### [What needs to be done]
Retype the listing exactly, minus its pictures.

### [Given information]
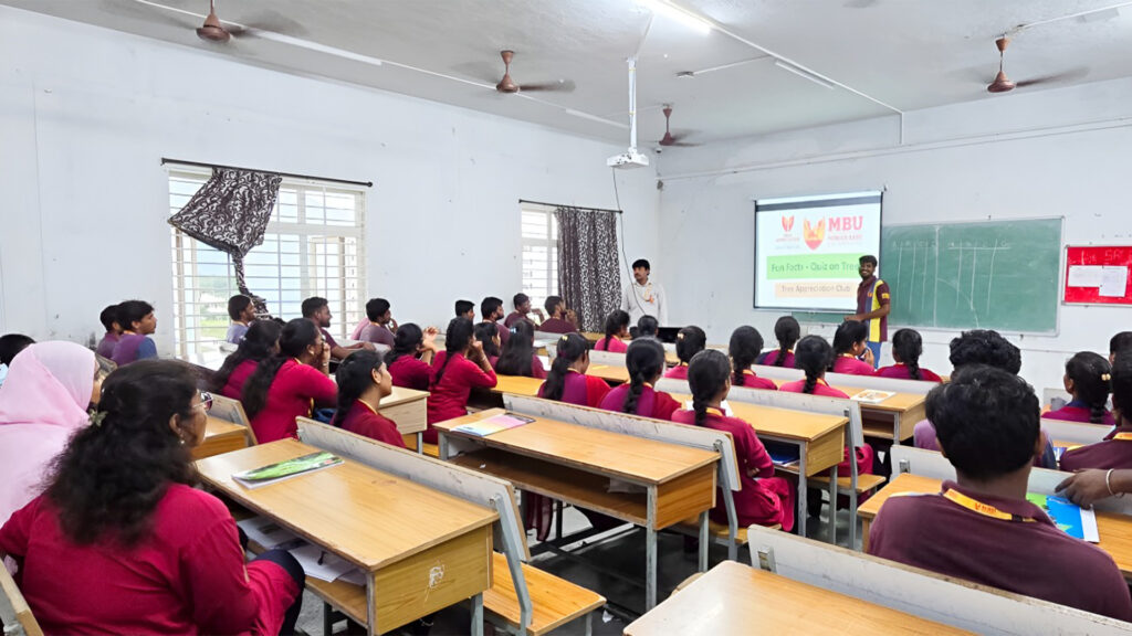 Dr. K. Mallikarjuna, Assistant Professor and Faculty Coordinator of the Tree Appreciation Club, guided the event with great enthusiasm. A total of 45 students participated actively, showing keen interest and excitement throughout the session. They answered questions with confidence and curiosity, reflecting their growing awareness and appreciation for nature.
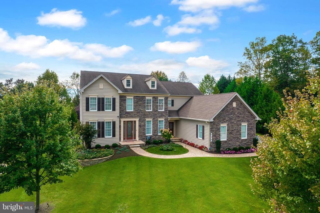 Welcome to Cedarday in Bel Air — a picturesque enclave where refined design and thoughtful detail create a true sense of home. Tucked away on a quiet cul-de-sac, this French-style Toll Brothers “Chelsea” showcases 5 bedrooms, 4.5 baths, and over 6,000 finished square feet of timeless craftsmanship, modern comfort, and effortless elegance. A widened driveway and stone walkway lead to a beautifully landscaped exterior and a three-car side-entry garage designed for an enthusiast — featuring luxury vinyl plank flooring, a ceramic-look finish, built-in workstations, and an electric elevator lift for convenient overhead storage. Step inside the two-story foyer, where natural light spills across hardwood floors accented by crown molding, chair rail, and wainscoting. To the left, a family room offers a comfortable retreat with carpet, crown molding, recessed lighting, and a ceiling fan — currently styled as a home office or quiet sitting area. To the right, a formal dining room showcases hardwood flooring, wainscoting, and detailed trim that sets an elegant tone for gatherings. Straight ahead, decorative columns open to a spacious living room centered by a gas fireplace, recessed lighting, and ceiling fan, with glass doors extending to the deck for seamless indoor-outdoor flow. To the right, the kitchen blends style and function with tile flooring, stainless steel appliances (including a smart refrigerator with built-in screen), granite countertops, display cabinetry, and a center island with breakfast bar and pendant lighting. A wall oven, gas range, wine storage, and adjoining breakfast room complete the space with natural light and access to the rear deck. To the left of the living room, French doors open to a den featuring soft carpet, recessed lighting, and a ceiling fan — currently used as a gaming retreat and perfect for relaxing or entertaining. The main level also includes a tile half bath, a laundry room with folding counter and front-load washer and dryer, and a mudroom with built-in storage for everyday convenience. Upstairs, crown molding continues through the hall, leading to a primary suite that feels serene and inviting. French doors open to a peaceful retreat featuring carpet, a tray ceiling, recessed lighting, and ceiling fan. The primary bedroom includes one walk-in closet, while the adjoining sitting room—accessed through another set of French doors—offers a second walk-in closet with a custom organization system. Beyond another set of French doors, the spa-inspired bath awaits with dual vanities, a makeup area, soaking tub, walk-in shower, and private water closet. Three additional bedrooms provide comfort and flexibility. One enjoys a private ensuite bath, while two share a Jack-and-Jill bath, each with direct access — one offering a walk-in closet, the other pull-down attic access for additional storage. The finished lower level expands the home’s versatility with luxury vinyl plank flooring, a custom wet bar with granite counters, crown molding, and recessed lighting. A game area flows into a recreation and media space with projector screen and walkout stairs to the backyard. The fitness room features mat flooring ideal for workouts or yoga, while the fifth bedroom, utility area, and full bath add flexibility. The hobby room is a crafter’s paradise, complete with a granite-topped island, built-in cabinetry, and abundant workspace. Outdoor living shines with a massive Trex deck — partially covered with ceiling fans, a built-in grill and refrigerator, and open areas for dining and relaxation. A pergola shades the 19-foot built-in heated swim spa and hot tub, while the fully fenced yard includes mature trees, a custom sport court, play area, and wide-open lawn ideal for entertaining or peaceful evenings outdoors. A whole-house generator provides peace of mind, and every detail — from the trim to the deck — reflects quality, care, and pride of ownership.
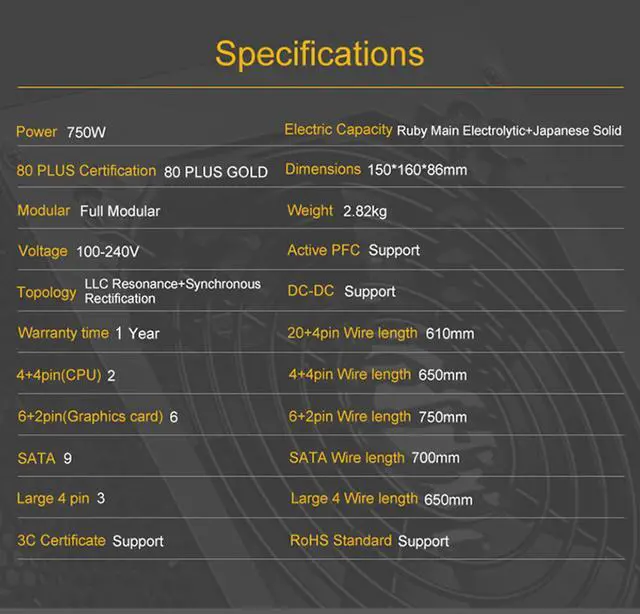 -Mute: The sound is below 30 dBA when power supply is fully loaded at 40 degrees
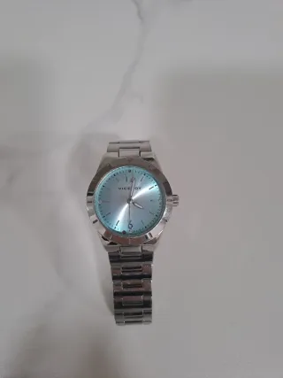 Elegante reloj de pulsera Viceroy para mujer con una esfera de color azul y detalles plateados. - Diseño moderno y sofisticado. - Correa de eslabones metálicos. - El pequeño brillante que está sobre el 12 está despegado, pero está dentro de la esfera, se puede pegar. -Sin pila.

### [Response]
 Dr. K. Mallikarjuna, Assistant Professor and Faculty Coordinator of the Tree Appreciation Club, guided the event with great enthusiasm. A total of 45 students participated actively, showing keen interest and excitement throughout the session. They answered questions with confidence and curiosity, reflecting their growing awareness and appreciation for nature.
 Welcome to Cedarday in Bel Air — a picturesque enclave where refined design and thoughtful detail create a true sense of home. Tucked away on a quiet cul-de-sac, this French-style Toll Brothers “Chelsea” showcases 5 bedrooms, 4.5 baths, and over 6,000 finished square feet of timeless craftsmanship, modern comfort, and effortless elegance. A widened driveway and stone walkway lead to a beautifully landscaped exterior and a three-car side-entry garage designed for an enthusiast — featuring luxury vinyl plank flooring, a ceramic-look finish, built-in workstations, and an electric elevator lift for convenient overhead storage. Step inside the two-story foyer, where natural light spills across hardwood floors accented by crown molding, chair rail, and wainscoting. To the left, a family room offers a comfortable retreat with carpet, crown molding, recessed lighting, and a ceiling fan — currently styled as a home office or quiet sitting area. To the right, a formal dining room showcases hardwood flooring, wainscoting, and detailed trim that sets an elegant tone for gatherings. Straight ahead, decorative columns open to a spacious living room centered by a gas fireplace, recessed lighting, and ceiling fan, with glass doors extending to the deck for seamless indoor-outdoor flow. To the right, the kitchen blends style and function with tile flooring, stainless steel appliances (including a smart refrigerator with built-in screen), granite countertops, display cabinetry, and a center island with breakfast bar and pendant lighting. A wall oven, gas range, wine storage, and adjoining breakfast room complete the space with natural light and access to the rear deck. To the left of the living room, French doors open to a den featuring soft carpet, recessed lighting, and a ceiling fan — currently used as a gaming retreat and perfect for relaxing or entertaining. The main level also includes a tile half bath, a laundry room with folding counter and front-load washer and dryer, and a mudroom with built-in storage for everyday convenience. Upstairs, crown molding continues through the hall, leading to a primary suite that feels serene and inviting. French doors open to a peaceful retreat featuring carpet, a tray ceiling, recessed lighting, and ceiling fan. The primary bedroom includes one walk-in closet, while the adjoining sitting room—accessed through another set of French doors—offers a second walk-in closet with a custom organization system. Beyond another set of French doors, the spa-inspired bath awaits with dual vanities, a makeup area, soaking tub, walk-in shower, and private water closet. Three additional bedrooms provide comfort and flexibility. One enjoys a private ensuite bath, while two share a Jack-and-Jill bath, each with direct access — one offering a walk-in closet, the other pull-down attic access for additional storage. The finished lower level expands the home’s versatility with luxury vinyl plank flooring, a custom wet bar with granite counters, crown molding, and recessed lighting. A game area flows into a recreation and media space with projector screen and walkout stairs to the backyard. The fitness room features mat flooring ideal for workouts or yoga, while the fifth bedroom, utility area, and full bath add flexibility. The hobby room is a crafter’s paradise, complete with a granite-topped island, built-in cabinetry, and abundant workspace. Outdoor living shines with a massive Trex deck — partially covered with ceiling fans, a built-in grill and refrigerator, and open areas for dining and relaxation. A pergola shades the 19-foot built-in heated swim spa and hot tub, while the fully fenced yard includes mature trees, a custom sport court, play area, and wide-open lawn ideal for entertaining or peaceful evenings outdoors. A whole-house generator provides peace of mind, and every detail — from the trim to the deck — reflects quality, care, and pride of ownership.
 -Mute: The sound is below 30 dBA when power supply is fully loaded at 40 degrees
 Elegante reloj de pulsera Viceroy para mujer con una esfera de color azul y detalles plateados. - Diseño moderno y sofisticado. - Correa de eslabones metálicos. - El pequeño brillante que está sobre el 12 está despegado, pero está dentro de la esfera, se puede pegar. -Sin pila.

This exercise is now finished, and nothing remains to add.